As we can see, the performance is mostly the same as my previous PR, until the hash table is many times larger than the amount of available memory. This is where this PR improves performance a lot. In the previous PR, when we had to do many partitioned probe phases, we created a lot of I/O pressure by reading and writing the entire probe side every time. In this PR, the I/O pressure is much less, as we are only reading and writing the probe side data once.

I will continue tweaking the performance in future PRs. Happy to receive feedback!

Edit: this PR uncovered a bug with how execution pipelines were scheduled. The problem was rather complicated, so I will try to explain it here.

We have parallelism in regular pipelines, e.g., SCAN -> FILTER -> PROJECTION -> AGGREGATION. The data is pushed from the source (SCAN) through the streaming FILTER and PROJECTION operators, into the sink (AGGREGATION).

Pipelines can also have dependencies on other pipelines, for example SCAN -> JOIN (build side of the join), and SCAN -> JOIN -> AGGREGATION (probe side of the join). The second pipeline depends on the first pipeline to be done.

Besides these, we also have two "special" cases of pipelines, namely "union" pipelines, for UNION queries, and for "child" pipelines, for streaming operators that become a source operator after streaming is done (e.g., scanning the hash table of a join for unmatched tuples for a FULL OUTER join). These cases are special because they share their sink with other pipelines.

We have run into problems with these special cases before because setting their dependencies up correctly is different from other pipelines. With the way the code was written before, it was very difficult to get things right. I've refactored pipeline construction with a new class called a MetaPipeline. This class holds multiple Pipelines that share the same sink. This makes it much easier to set up dependencies correctly.

As a result (bonus!) of this refactor, we can now execute union pipelines in parallel, e.g.:

SELECT * FROM t1
UNION ALL
SELECT * FROM t2
UNION ALL
SELECT * FROM t3

Before we would scan t1, then t2, then t3. If t1, t2, and t3 are small enough to not keep all threads busy, we would not utilize all threads for the entire query. Now, we can scan all three tables concurrently.

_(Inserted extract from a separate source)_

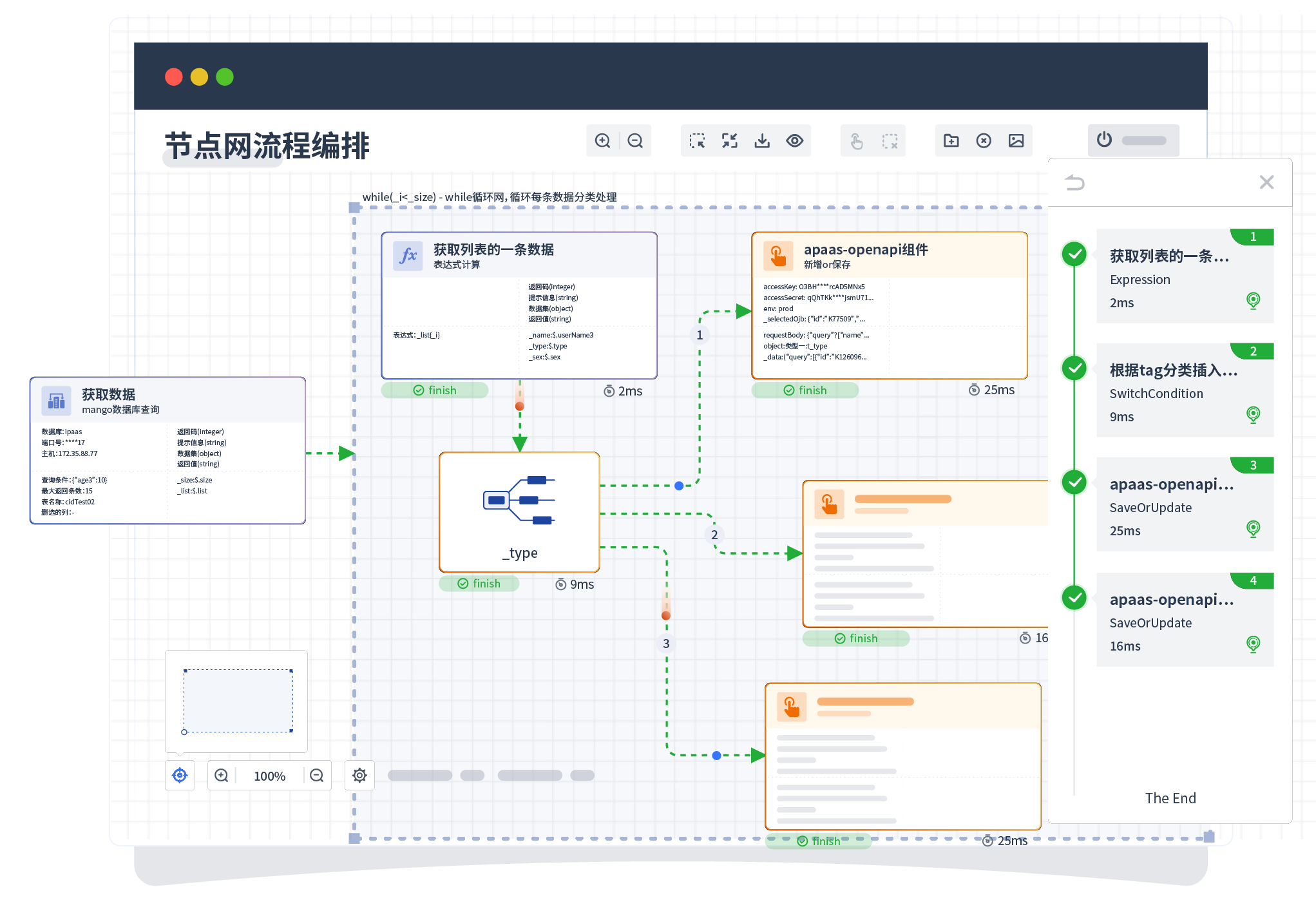 针对集成场景,,,,组件定义后支持进行流程编制,,,,不同于传统代码方式,,,,通过图形化展示,,,支持在线调试、、、、日志查看和运行回放。。

Quick test with sorting a union:

create table test as select cast(random() * 100000000 as int) i from range(100000);
with union_cte as (
select i from test
union all
select i from test
union all
select i from test
union all
select i from test)
select count(i) from (select i from union_cte order by i offset 1);

This PR: 0.014s
Master: 0.023s

…pendState

…in external hash join

…blem)

lnkuiper · 2022-11-02T19:06:29Z

I think I got the final thread sanitizer issues out of the way, but the R + arrow test seems to be failing. Is this the test that occasionally fails, or is this something I caused? 10 tests fail with an std::exception

Mytherin · 2022-11-02T20:19:37Z

Hm, these do not look like "the usual" spurious R test failures. At least I haven't seen them before. I will rerun the test.

lnkuiper · 2022-11-03T07:15:59Z

Thanks for re-running the tests. This time only 4 failures, seems like the same problem though. Will investigate.

Mytherin

Thanks for all the fixes! Looks great. The meta pipeline refactor looks very good. Some remaining comments from my side.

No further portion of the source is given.